[Work item]:
Could you show each line of the records that contains the word "para"?

[Data for the task]:
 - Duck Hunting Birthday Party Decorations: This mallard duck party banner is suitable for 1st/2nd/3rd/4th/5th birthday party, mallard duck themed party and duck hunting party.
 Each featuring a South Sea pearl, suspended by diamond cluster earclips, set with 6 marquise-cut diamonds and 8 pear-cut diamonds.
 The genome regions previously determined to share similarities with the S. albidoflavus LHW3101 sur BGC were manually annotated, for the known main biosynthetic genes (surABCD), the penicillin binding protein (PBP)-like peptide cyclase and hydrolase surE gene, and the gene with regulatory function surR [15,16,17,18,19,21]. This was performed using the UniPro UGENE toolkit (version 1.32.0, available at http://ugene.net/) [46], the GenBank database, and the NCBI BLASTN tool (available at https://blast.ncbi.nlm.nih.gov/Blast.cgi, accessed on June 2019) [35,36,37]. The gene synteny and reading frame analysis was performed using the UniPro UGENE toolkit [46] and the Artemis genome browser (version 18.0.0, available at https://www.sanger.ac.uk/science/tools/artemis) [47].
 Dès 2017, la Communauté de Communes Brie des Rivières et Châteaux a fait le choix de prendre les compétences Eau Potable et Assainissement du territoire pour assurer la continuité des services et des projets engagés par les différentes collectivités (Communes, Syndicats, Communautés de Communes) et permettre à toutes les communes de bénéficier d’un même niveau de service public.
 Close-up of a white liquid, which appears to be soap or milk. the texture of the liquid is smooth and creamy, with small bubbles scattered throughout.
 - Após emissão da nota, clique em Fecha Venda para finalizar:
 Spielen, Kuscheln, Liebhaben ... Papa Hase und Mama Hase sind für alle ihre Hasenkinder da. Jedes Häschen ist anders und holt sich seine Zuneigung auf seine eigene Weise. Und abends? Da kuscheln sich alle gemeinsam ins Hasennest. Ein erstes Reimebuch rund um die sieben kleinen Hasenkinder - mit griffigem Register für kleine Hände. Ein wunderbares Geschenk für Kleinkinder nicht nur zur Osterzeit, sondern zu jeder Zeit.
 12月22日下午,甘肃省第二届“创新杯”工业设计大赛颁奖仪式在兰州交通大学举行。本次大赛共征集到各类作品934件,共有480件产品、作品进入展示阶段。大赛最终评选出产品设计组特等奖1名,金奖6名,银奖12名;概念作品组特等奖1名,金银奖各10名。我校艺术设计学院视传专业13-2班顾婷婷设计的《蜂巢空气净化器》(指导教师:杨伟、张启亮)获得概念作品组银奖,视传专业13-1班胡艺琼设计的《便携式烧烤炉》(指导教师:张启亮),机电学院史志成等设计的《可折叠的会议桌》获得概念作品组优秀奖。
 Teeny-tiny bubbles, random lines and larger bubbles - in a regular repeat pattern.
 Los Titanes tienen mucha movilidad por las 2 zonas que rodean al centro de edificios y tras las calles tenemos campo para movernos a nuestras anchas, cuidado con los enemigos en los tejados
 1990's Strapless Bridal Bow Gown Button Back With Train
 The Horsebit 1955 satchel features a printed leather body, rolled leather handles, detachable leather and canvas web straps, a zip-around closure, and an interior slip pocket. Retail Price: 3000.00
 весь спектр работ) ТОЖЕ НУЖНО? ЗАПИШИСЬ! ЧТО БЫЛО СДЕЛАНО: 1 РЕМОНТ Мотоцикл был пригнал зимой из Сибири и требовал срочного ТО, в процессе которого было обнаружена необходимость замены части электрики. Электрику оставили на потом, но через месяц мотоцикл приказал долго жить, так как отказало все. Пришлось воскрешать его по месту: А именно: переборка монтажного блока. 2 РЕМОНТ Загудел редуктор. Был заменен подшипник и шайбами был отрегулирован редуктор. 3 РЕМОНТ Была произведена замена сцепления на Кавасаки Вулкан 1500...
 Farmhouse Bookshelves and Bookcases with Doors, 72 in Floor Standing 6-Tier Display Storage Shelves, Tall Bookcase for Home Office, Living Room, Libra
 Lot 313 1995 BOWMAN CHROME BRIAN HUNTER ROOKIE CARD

[Finished exercise]:
 - Após emissão da nota, clique em Fecha Venda para finalizar:
 Los Titanes tienen mucha movilidad por las 2 zonas que rodean al centro de edificios y tras las calles tenemos campo para movernos a nuestras anchas, cuidado con los enemigos en los tejados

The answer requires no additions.